The previous expression gives eight unknown equations that are the elements of $ {\text{P}}_{\text{j}} $.

So we can estimate the parameters of $ {\text{P}}_{\text{j}} $ from these eight equations with eight unknown.

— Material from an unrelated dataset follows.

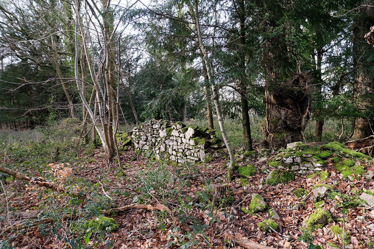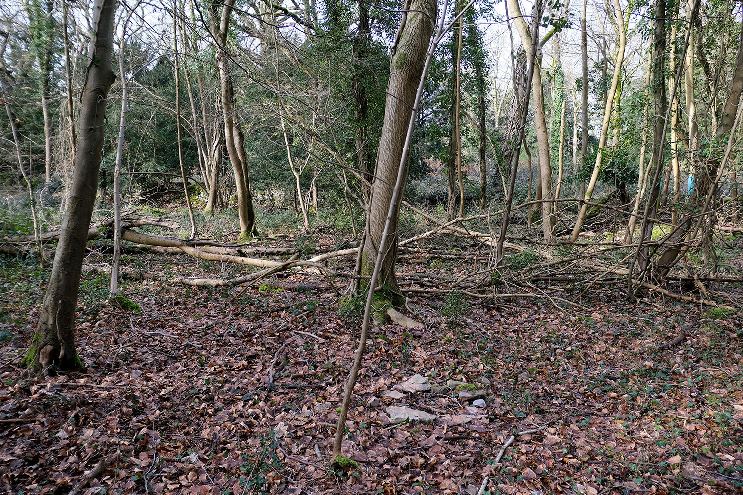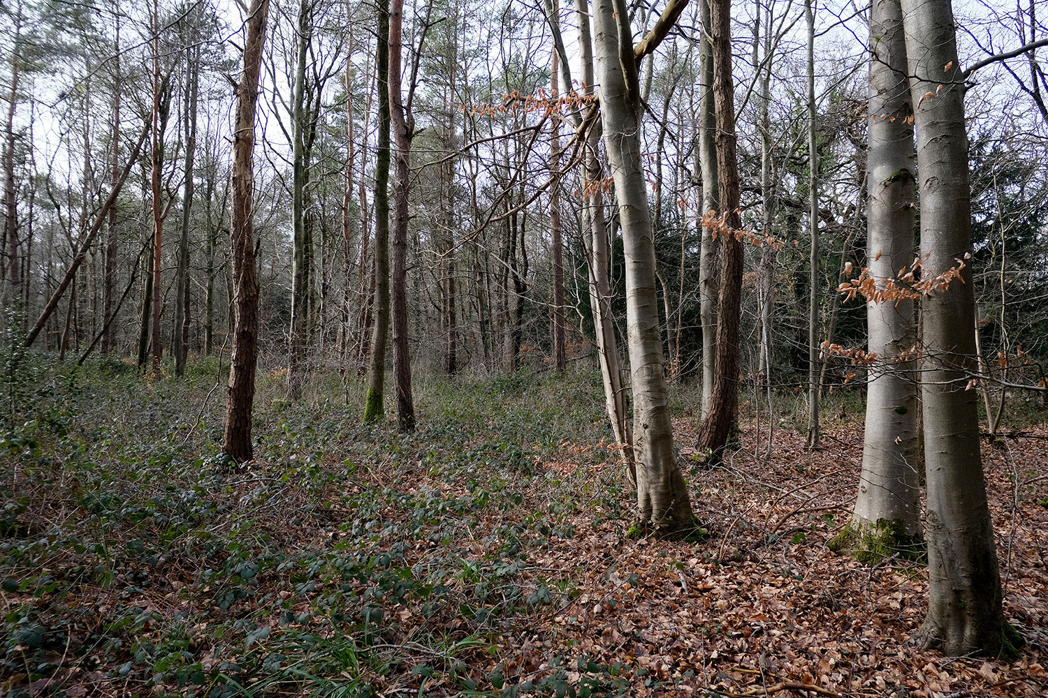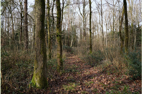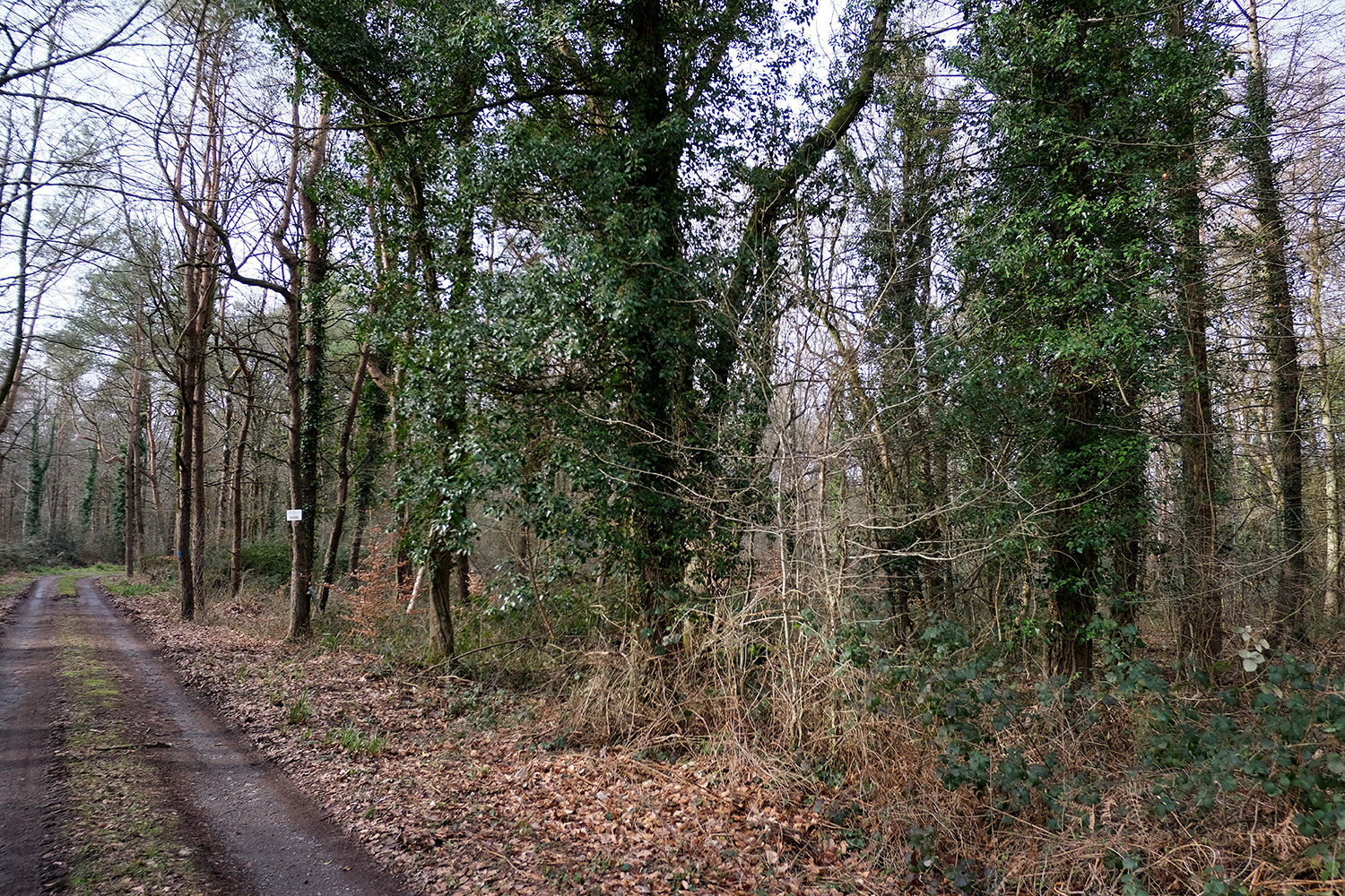 The woodland is attractively mixed, with impressive oak and beech dominating the central areas, with a scattering of ash, hawthorne and holly at lower levels. To the east, an open ride runs north to south framed by tall conifers providing striking contrast while providing additional access for management purposes. The occasional yew can also be found dotted throughout the wood and alongside the old stone wall that marks the northern boundary.

4.3 Autocalibration Equations

In this part, we will determine the relationship between the images of the absolute conic $ (\upomega_{\text{i }}\,{\text{ and }}\upomega_{\text{j}} $), and a relationship between the two points $ \left( {{\text{S}}_{1} , {\text{S}}_{2} } \right) $ of the 3D scene and their projections $ \left( {{\text{s}}_{{{\text{i}}1}} , {\text{s}}_{{{\text{i}}2}} } \right) $ and $ \left( {{\text{s}}_{{{\text{j}}1}} , {\text{s}}_{{{\text{j}}2}} } \right) $ in the planes of the left and right images respectively, the different relationships are established from some techniques of projective geometry. A nonlinear cost function will be defined from the determination of these relationships. The formulated cost function will be minimized by the Levenberg-Marquardt algorithm [18] to estimate $ \upomega_{\text{i}} $ and $ \upomega_{\text{j}} $ and finally the intrinsic parameters of the cameras used [24].

The Eq. (11) gives:

$$ \uplambda_{\text{im}} {{\rm s}}_{\text{im}} = {\text{P}}_{\text{i}} {{\rm S}}_{\text{m}}^{ '} $$

(24)

With: $ {\text{P}}_{\text{i}} = \left( {\begin{array}{*{20}c} {{\text{P}}_{11} } & {{\text{P}}_{12} } & {{\text{P}}_{13} } \\ {{\text{P}}_{21} } & {{\text{P}}_{22} } & {{\text{P}}_{23} } \\ {{\text{P}}_{31} } & {{\text{P}}_{32} } & {{\text{P}}_{33} } \\ \end{array} } \right) $

$$ {\text{s}}_{\text{im}} = \left( {\begin{array}{*{20}c} {{\text{x}}_{\text{im}} } \\ {{\text{y}}_{\text{im}} } \\ 1 \\ \end{array} } \right) $$

$$ {\text{P}}_{\text{i}}^{\text{T}}\upomega_{\text{i}} {{\rm P}}_{\text{i}} \sim\left( {\begin{array}{*{20}c} {{\text{B}}^{{{\prime }{\text{T}}}} {{\rm B}}^{{\prime }} } & {{\text{B}}^{{{\prime }{\text{T}}}} {{\rm R}}_{\text{i}}^{\text{T}} {{\rm t}}_{\text{i}} } \\ {{\text{t}}_{\text{i}}^{\text{T}} {{\rm R}}_{\text{i}} {{\rm B}}^{{\prime }} } & {{\text{t}}_{\text{i}}^{\text{T}} {{\rm t}}_{\text{i}} } \\ \end{array} } \right) $$

(25)

With:

$$ {\text{B}}^{\prime } = \left( {\begin{array}{*{20}c} {\begin{array}{*{20}c} {\text{b}} & {\frac{\text{b}}{2}} \\ 0 & {\frac{\surd 3}{2}{\text{b}}} \\ 0 & 0 \\ \end{array} } \\ \end{array} } \right) $$

(26)

$ K_{i} $ is an upper-triangular matrix normalized as $ \det {\text{K}}_{\text{i}} = 1 $

$ \upomega_{\text{i}} = \left( {{\text{K}}_{\text{i}} {{\rm K}}_{\text{i}}^{\text{T}} } \right)^{ - 1} $ is the image of the absolute conic.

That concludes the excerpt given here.